▸ **Task to carry out**: Transcribe the following entries letter for letter, without the pictures.

(Items listed in a dataset)
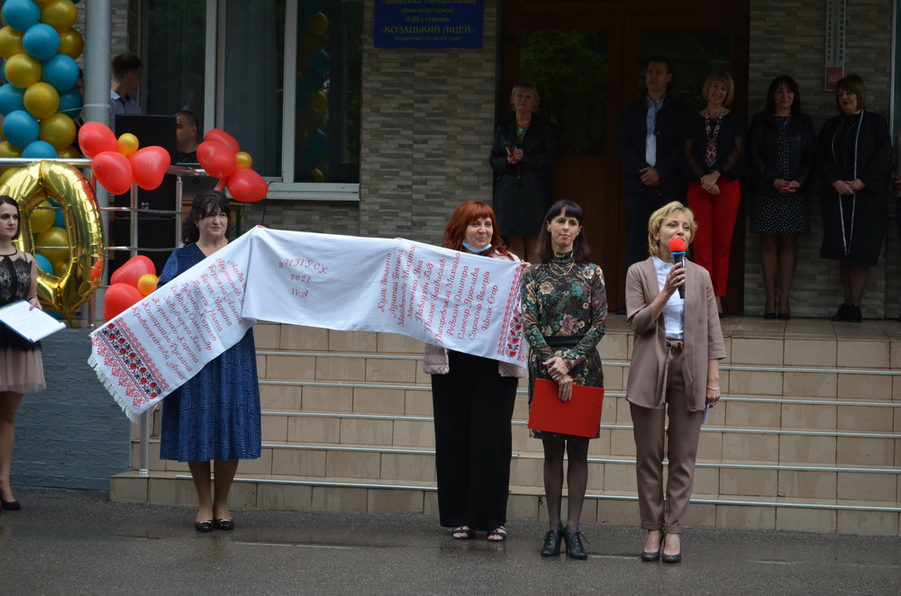 На згадку про себе випускники подарували «Козацькому ліцею» вишиті рушники зі своїми прізвищами та іменами – започаткували ще одну добру українську традицію.
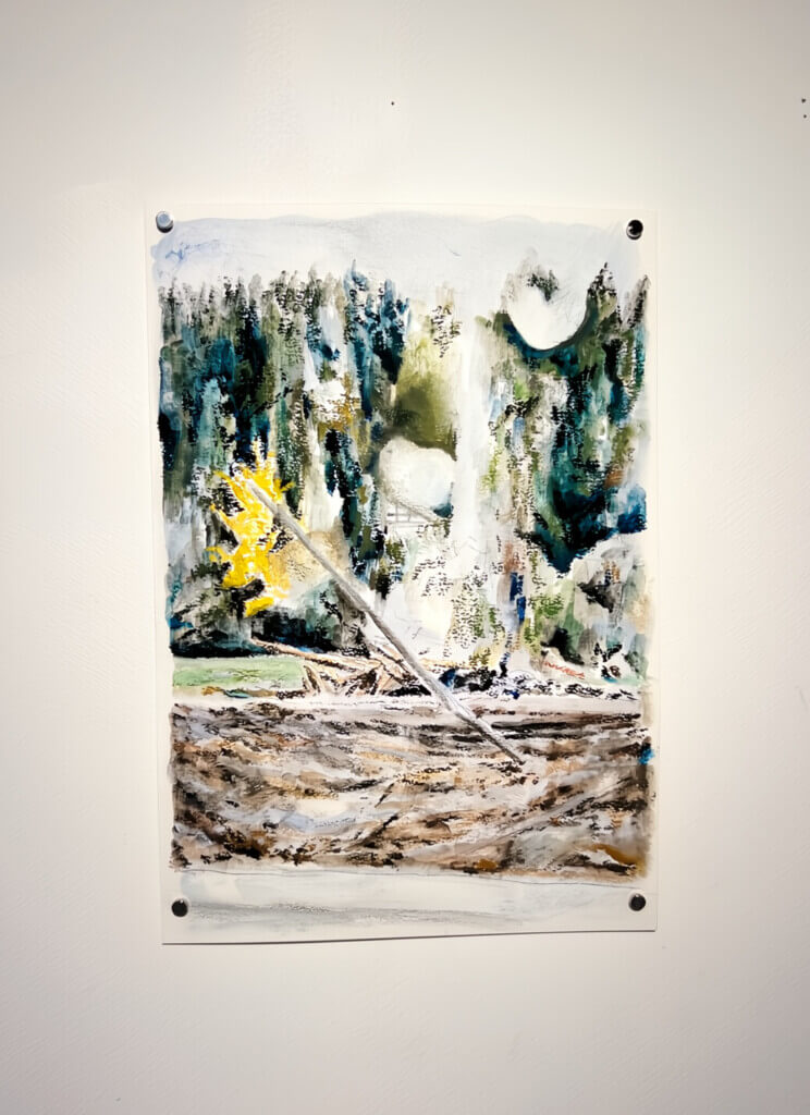 それはとても微細なシグナルで、気をつけなければ見落としてしまうかもしれない。画面に線や色を使って何かを描写をするのは普通の絵と同じだが、一般的に画家が、具象的な事物であれ抽象的な色や線であれ、描いた形象が発する意味や関係性を介して“絵画という存在”を生み出すのに対し、菊池にとっての絵とは、ひとりの人間が自然と相対し、観察し、意識として留める“行為の構造”そのものであるように思えた。
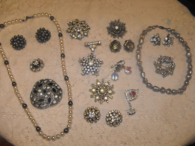 #38 15 PC OLD ANTIQUE JEWELRY RHINESTONE PCS LOOK
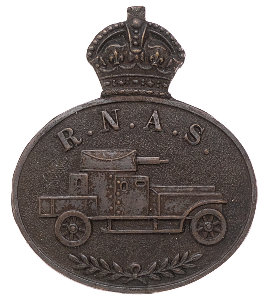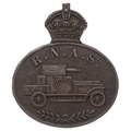 Royal Naval Air Service RNAS WW1 Armoured Car Squadron badge. Fine scarce die-stamped bronze crowned oval bearing Talbot armoured car with the letters R.N.A.S. above and laurel spray below. Loops. VGC
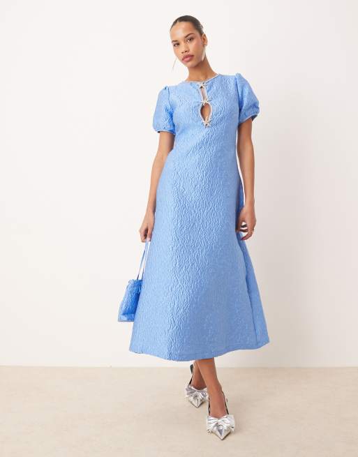 Dream Sister Jane seashell embellished jacquard midi dress co-ord in cornflower blue
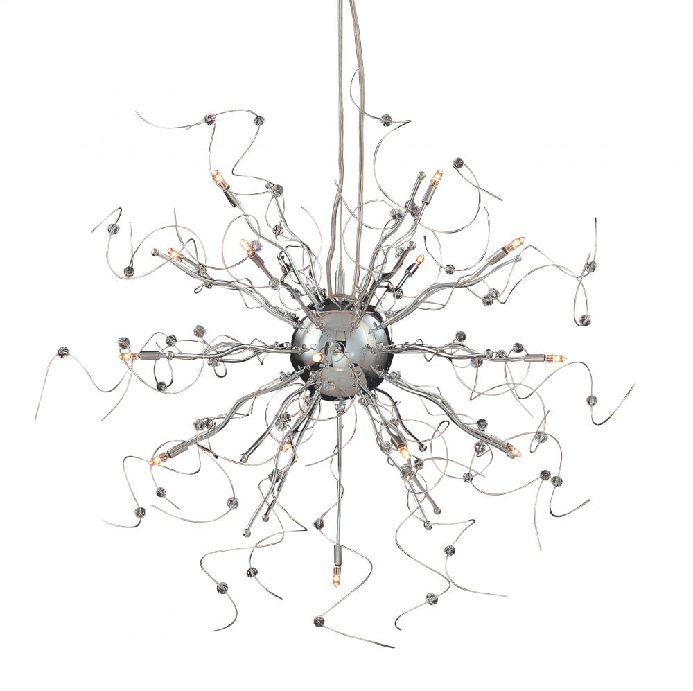 Nitro 26"Wide x 26"Long x 29"High Lights: 15 x 10W G4 Finish Shown: Chrome Crystal Shown: n/a Chain or Cable Length: 3 Ship Via: Parcel Shipping Weight: 18 Hanging Weight: 13 Catalog/Page Ref: 5410/39 Make a bold statement with this explosion of metal and lead crystal. These fixtures are small enough to be used over Islands and Bars, or shorten the wire for hallways. The design is also strong enough to use in a modern dining or living area.
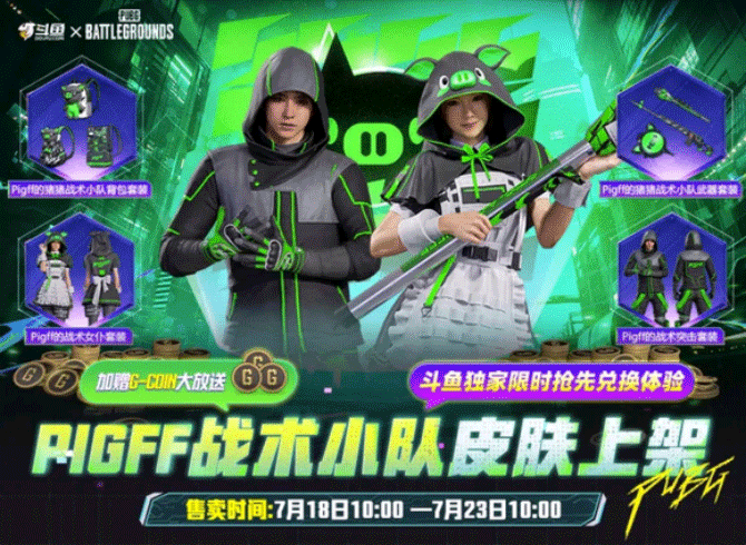 2025年7月17日,《绝地求生》(PUBG)正式推出与斗鱼主播Pigff(马玺鉴)的联动皮肤,涵盖武器、服饰及专属道具,活动持续至8月底。
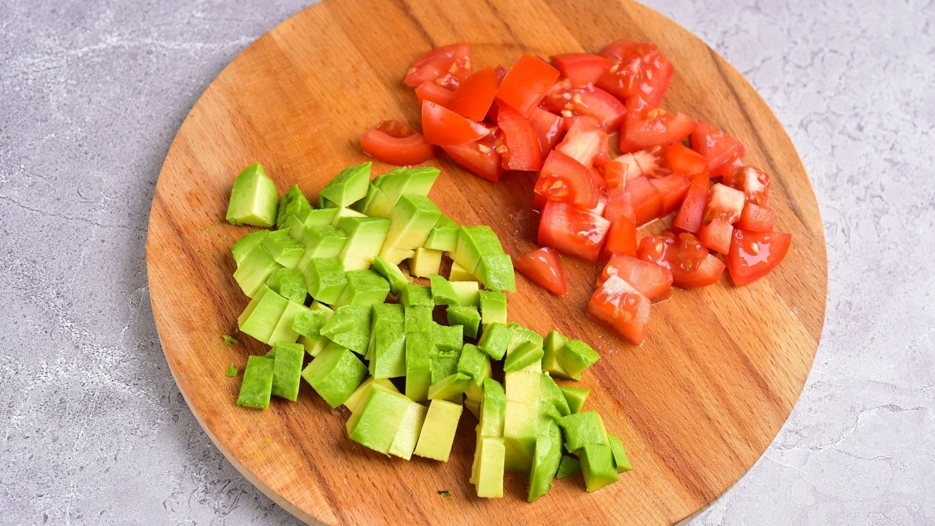 Peel the avocado and remove the pit, cut into cubes. Wash the tomato and also cut into cubes.
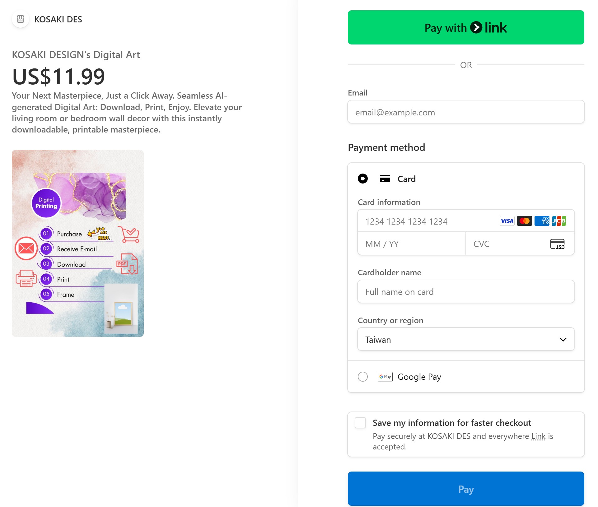Click the "BUY" button on your favorite artwork to proceed to the Stripe payment page. Simply enter your email address and payment details. A confirmation email will be sent to you immediately.
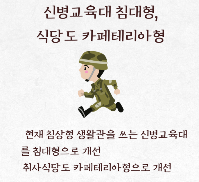 또한 현재 침상형 생활관을 사용하는 신병교육대를 침대로 개선하고, 식당을 카페 테리 아형으로 쾌적하게 바꾸고 이용할 수 있도록 할 예정입니다.
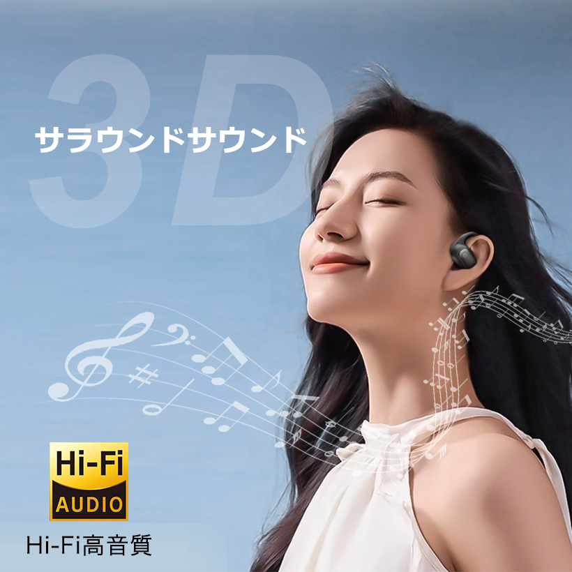 Bluetooth5.3 軽量 36時間超再生 空気伝導 マイク付
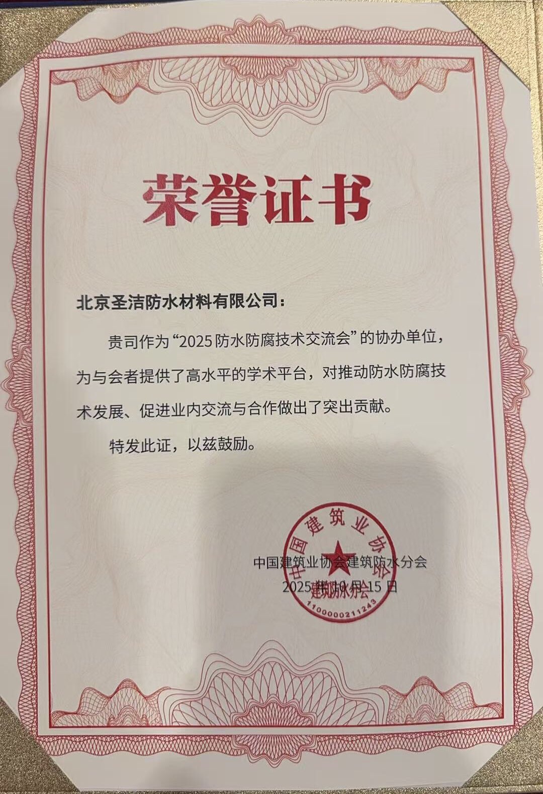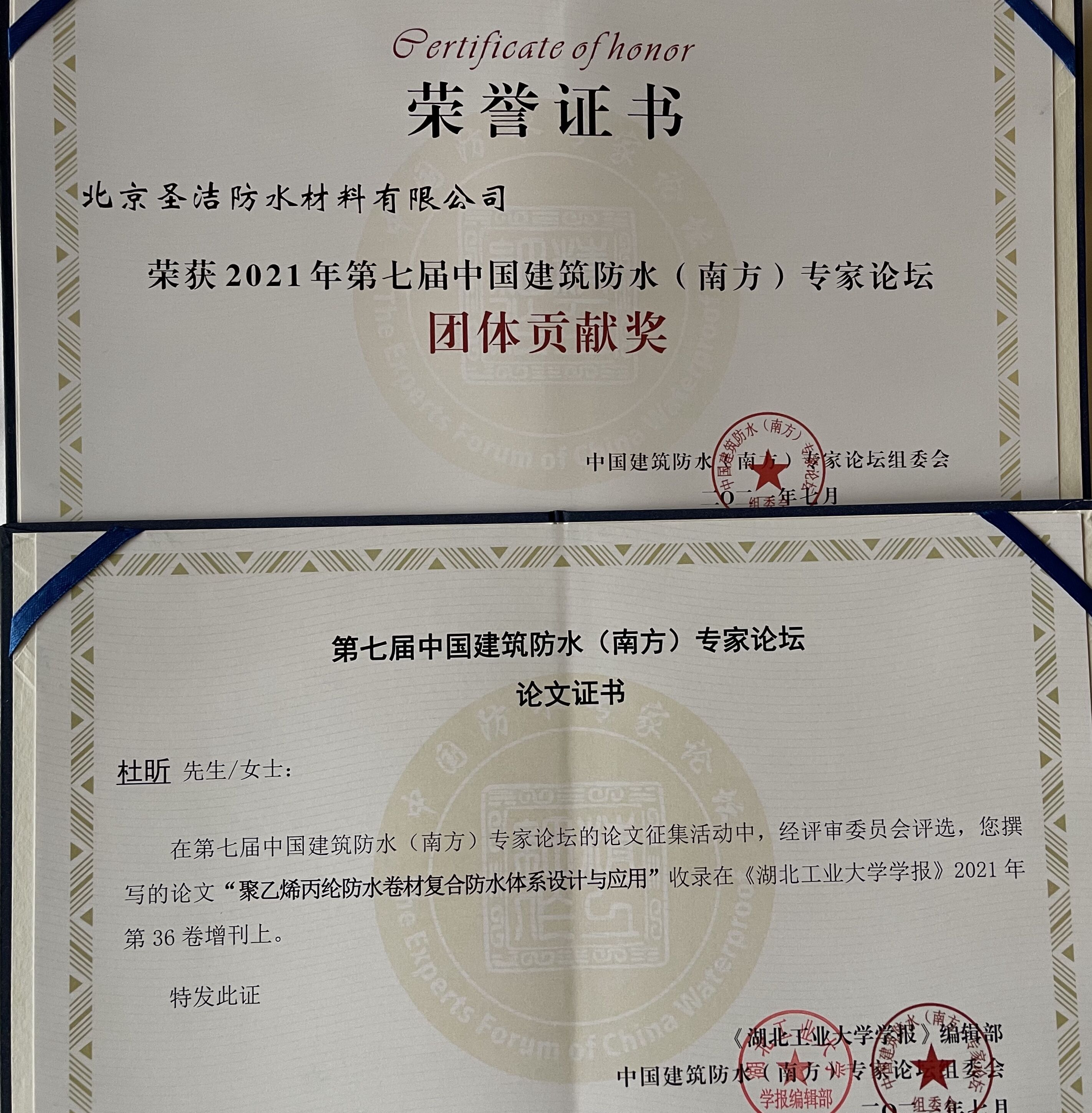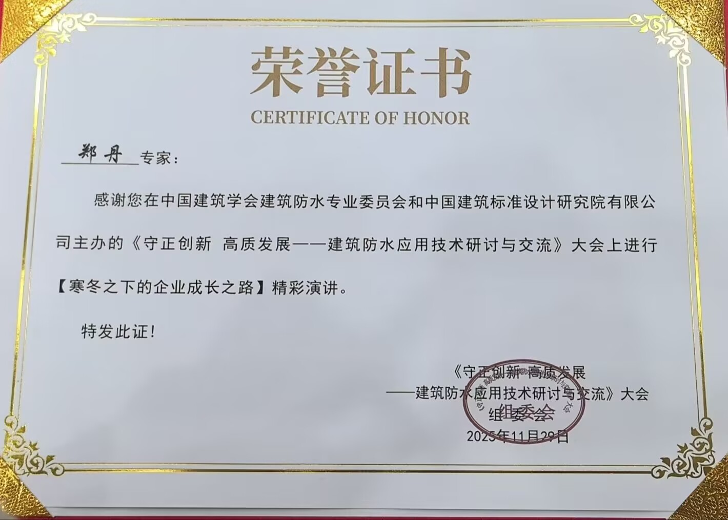 中國(guó)建筑學(xué)會(huì)建筑防水學(xué)術(shù)委員會(huì)榮譽(yù)證書

▸ **Output for this exercise**:
 На згадку про себе випускники подарували «Козацькому ліцею» вишиті рушники зі своїми прізвищами та іменами – започаткували ще одну добру українську традицію.
 それはとても微細なシグナルで、気をつけなければ見落としてしまうかもしれない。画面に線や色を使って何かを描写をするのは普通の絵と同じだが、一般的に画家が、具象的な事物であれ抽象的な色や線であれ、描いた形象が発する意味や関係性を介して“絵画という存在”を生み出すのに対し、菊池にとっての絵とは、ひとりの人間が自然と相対し、観察し、意識として留める“行為の構造”そのものであるように思えた。
 #38 15 PC OLD ANTIQUE JEWELRY RHINESTONE PCS LOOK
 Royal Naval Air Service RNAS WW1 Armoured Car Squadron badge. Fine scarce die-stamped bronze crowned oval bearing Talbot armoured car with the letters R.N.A.S. above and laurel spray below. Loops. VGC
 Dream Sister Jane seashell embellished jacquard midi dress co-ord in cornflower blue
 Nitro 26"Wide x 26"Long x 29"High Lights: 15 x 10W G4 Finish Shown: Chrome Crystal Shown: n/a Chain or Cable Length: 3 Ship Via: Parcel Shipping Weight: 18 Hanging Weight: 13 Catalog/Page Ref: 5410/39 Make a bold statement with this explosion of metal and lead crystal. These fixtures are small enough to be used over Islands and Bars, or shorten the wire for hallways. The design is also strong enough to use in a modern dining or living area.
 2025年7月17日,《绝地求生》(PUBG)正式推出与斗鱼主播Pigff(马玺鉴)的联动皮肤,涵盖武器、服饰及专属道具,活动持续至8月底。
 Peel the avocado and remove the pit, cut into cubes. Wash the tomato and also cut into cubes.
Click the "BUY" button on your favorite artwork to proceed to the Stripe payment page. Simply enter your email address and payment details. A confirmation email will be sent to you immediately.
 또한 현재 침상형 생활관을 사용하는 신병교육대를 침대로 개선하고, 식당을 카페 테리 아형으로 쾌적하게 바꾸고 이용할 수 있도록 할 예정입니다.
 Bluetooth5.3 軽量 36時間超再生 空気伝導 マイク付
 中國(guó)建筑學(xué)會(huì)建筑防水學(xué)術(shù)委員會(huì)榮譽(yù)證書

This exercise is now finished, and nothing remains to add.